[DATASET RECORDS Boundary: Start]

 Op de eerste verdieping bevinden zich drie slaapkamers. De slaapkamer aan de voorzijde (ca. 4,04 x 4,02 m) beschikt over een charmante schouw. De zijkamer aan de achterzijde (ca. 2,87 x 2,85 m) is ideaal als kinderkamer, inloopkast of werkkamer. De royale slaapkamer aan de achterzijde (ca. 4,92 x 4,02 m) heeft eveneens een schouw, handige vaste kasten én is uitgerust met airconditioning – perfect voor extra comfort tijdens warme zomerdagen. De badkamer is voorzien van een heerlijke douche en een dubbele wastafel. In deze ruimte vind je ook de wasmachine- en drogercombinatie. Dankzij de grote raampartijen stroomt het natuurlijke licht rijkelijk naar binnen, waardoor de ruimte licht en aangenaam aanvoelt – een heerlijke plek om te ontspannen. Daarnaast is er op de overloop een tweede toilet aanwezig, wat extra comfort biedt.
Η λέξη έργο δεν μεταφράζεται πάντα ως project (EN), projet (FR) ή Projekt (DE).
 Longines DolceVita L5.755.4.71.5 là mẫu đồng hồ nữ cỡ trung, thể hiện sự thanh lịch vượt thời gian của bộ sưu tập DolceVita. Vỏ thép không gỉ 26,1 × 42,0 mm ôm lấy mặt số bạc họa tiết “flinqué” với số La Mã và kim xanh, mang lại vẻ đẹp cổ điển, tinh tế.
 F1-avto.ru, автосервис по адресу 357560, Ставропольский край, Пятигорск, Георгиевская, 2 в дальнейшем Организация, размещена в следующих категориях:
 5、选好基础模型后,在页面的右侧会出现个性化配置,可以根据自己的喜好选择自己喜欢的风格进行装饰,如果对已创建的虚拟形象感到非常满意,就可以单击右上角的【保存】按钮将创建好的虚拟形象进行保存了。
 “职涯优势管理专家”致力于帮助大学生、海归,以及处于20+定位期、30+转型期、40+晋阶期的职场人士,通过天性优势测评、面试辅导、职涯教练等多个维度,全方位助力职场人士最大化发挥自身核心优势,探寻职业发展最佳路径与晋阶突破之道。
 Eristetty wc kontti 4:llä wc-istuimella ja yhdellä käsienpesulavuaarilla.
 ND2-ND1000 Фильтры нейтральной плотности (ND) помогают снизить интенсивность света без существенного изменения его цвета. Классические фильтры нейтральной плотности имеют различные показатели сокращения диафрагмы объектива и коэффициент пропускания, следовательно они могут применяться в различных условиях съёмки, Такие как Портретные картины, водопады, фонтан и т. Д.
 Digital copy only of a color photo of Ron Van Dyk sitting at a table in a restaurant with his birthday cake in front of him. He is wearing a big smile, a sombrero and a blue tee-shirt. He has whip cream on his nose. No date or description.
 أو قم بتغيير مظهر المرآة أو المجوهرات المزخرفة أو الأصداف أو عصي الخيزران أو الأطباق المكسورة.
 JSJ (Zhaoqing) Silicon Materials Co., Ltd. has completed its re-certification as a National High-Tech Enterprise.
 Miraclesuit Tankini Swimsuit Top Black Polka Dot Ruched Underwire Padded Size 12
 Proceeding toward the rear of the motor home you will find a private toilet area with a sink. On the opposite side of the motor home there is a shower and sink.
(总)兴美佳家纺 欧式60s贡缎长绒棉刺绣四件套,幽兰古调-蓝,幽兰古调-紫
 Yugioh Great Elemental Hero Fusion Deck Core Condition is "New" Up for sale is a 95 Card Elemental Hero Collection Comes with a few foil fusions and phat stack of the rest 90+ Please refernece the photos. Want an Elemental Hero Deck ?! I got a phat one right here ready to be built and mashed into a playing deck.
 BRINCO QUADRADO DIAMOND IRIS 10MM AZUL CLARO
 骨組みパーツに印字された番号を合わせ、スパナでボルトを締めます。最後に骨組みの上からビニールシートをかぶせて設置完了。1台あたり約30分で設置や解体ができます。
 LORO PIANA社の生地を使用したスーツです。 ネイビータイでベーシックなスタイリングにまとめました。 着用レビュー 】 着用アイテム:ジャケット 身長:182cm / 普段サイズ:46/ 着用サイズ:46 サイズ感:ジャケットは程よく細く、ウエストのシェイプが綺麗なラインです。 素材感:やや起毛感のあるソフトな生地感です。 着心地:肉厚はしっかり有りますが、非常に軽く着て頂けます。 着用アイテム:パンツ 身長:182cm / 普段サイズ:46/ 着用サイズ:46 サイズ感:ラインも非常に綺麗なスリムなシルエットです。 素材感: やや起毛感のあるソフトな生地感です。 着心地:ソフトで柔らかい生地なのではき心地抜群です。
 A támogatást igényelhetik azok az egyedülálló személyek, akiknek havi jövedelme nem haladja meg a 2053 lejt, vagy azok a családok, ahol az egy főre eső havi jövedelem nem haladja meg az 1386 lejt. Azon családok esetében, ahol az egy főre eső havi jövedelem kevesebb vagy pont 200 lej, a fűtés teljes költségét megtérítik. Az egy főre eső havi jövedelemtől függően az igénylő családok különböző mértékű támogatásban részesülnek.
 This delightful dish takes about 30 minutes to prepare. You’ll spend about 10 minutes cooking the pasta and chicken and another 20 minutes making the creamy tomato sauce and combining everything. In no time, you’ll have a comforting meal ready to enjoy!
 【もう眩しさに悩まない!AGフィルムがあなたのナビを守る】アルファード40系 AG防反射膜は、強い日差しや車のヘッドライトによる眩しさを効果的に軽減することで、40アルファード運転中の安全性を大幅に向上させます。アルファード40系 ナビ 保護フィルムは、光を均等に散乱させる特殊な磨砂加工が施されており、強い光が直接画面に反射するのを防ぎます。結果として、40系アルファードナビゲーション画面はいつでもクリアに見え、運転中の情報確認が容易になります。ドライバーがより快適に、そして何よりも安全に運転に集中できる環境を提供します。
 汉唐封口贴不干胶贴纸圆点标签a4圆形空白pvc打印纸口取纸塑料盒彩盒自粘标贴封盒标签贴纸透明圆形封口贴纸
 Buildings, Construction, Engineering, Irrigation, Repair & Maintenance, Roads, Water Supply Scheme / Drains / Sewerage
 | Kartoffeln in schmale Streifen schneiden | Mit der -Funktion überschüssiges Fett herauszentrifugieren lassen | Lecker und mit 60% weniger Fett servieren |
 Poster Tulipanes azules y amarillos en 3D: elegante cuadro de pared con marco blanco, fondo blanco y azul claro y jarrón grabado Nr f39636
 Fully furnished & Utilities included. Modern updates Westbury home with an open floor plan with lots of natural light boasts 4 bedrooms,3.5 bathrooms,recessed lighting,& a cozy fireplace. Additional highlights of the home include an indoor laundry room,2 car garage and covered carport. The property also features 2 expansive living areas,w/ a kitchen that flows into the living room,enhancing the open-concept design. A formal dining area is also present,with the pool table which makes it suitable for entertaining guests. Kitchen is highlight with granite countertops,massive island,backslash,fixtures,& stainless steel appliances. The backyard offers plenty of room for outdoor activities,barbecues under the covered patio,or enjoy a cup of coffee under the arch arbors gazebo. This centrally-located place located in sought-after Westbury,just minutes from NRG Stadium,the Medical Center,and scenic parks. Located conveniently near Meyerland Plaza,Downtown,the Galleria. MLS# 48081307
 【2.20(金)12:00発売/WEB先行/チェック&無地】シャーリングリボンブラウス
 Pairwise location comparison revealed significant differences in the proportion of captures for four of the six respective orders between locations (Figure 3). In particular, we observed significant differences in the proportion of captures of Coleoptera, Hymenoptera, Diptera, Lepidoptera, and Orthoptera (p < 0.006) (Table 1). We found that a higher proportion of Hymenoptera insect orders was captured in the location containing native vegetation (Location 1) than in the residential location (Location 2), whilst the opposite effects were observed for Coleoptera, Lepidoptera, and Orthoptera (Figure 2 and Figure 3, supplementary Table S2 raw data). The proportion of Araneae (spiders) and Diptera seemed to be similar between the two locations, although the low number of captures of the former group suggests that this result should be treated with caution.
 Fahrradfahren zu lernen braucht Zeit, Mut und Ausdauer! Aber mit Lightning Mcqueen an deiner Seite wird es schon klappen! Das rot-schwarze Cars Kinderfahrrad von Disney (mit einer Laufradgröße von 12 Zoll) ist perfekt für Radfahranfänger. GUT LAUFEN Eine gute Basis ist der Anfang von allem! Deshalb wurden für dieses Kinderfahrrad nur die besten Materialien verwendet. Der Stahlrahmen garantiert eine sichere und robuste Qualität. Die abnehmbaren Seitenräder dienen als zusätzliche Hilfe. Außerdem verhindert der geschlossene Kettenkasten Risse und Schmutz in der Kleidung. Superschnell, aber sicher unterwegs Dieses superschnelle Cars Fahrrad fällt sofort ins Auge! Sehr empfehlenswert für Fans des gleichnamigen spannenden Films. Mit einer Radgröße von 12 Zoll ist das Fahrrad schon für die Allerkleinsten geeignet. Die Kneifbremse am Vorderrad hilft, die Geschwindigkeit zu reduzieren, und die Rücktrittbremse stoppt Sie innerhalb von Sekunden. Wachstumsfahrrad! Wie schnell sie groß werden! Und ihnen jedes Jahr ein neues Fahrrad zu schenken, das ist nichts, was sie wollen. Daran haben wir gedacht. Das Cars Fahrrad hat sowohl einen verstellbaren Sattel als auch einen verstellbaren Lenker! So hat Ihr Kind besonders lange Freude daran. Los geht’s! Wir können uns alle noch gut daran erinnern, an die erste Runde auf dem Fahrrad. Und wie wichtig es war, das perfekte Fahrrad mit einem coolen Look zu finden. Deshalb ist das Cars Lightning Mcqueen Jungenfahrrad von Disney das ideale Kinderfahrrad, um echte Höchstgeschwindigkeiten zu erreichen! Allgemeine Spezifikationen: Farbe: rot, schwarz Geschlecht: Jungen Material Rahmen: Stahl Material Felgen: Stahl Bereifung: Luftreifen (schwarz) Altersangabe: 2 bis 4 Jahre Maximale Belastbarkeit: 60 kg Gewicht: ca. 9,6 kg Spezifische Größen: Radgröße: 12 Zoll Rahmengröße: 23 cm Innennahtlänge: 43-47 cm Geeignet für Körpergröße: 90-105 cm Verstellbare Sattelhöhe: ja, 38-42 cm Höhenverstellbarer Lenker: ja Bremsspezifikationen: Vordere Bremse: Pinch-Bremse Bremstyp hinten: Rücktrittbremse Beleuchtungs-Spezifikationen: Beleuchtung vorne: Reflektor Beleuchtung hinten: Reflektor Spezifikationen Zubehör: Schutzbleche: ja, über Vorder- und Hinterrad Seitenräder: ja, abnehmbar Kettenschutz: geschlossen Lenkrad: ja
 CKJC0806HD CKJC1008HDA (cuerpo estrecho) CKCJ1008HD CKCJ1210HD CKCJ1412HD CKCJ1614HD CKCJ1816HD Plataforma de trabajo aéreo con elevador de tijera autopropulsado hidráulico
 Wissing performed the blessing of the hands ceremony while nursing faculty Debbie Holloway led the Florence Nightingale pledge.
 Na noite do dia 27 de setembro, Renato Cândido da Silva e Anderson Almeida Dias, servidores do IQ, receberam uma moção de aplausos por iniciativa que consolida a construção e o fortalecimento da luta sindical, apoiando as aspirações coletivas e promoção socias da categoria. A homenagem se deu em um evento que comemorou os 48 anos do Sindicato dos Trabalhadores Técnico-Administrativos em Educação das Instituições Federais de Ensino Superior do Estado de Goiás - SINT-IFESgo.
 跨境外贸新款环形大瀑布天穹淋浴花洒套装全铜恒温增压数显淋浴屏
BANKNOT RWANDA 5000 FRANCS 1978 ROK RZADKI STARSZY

[DATASET RECORDS Boundary: End]

Find the line containing "Na noite do" in the data above. Please transcribe it and every line after it, exactly.

 Na noite do dia 27 de setembro, Renato Cândido da Silva e Anderson Almeida Dias, servidores do IQ, receberam uma moção de aplausos por iniciativa que consolida a construção e o fortalecimento da luta sindical, apoiando as aspirações coletivas e promoção socias da categoria. A homenagem se deu em um evento que comemorou os 48 anos do Sindicato dos Trabalhadores Técnico-Administrativos em Educação das Instituições Federais de Ensino Superior do Estado de Goiás - SINT-IFESgo.
 跨境外贸新款环形大瀑布天穹淋浴花洒套装全铜恒温增压数显淋浴屏
BANKNOT RWANDA 5000 FRANCS 1978 ROK RZADKI STARSZY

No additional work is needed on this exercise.